I shake away the exaggerated thoughts invading my brain and look at the clock again. 1 minute left. It would be nice to storm into that apartment and bring her out, but the thing is, I don't know which room she's in, and I don't want to be seen here, or it'll raise too many questions for my liking.

I already partially lied to my father. It's true; I am busy, but not our definition of 'busy'.

I shouldn't be here in the first place. What was I thinking? I should've left it as a simple coincidence, especially with my urge for her growing more and more and my wedding just around the corner.

I really want to say 'screw this marriage’ and see where the road for me and Monique would lead, but I love my mother too much not to fulfill this wish, at least for a short time.

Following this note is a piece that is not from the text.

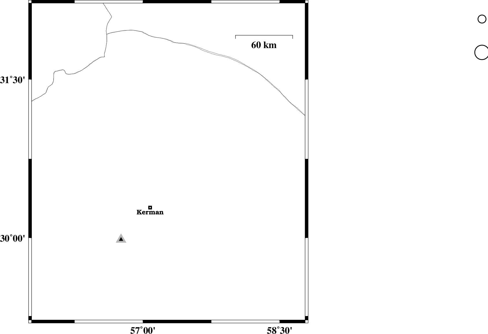2023/03/25 | 09:00:08.6 | 12:30:08.6 | 29.447 | 57.908 | 10 | ML:3.3 | Kerman Province, 58 km North-West of Bam |
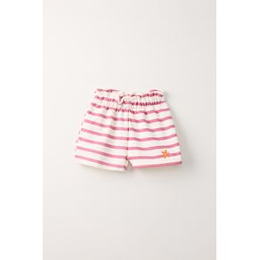 SHORT ESTAMPA RAYAS CON BORDADO FLOR CRUDO

There's always an expiration date, and I'm sure Monique won't want me by the end of it, knowing my father enough to know that he'll choose a lengthy time frame. Maybe mom found it good in them that she'd trust me to marry their daughter, so I'll trust her judgment.

I still feel guilty, unsettled, unhappy, and uneasy about this whole situation. There's a feeling in me wanting and yearning for Monique; I just can't put a label on it. Maybe I don't want to.

I should leave it to time. But what if it doesn't solve itself with time?

I don't know.

She might settle down; after all, she's young and beautiful. I'm sure she won't have a problem finding a guy. And I'm a hundred percent sure she won't settle with me if she does even have feelings—I highly doubt.

I notice how shy she is and how fragile she can be with her emotions, so handling the press and their negativity isn't something suitable for her. Not to mention the way she'd been towards me when I picked her up, and I don't blame her.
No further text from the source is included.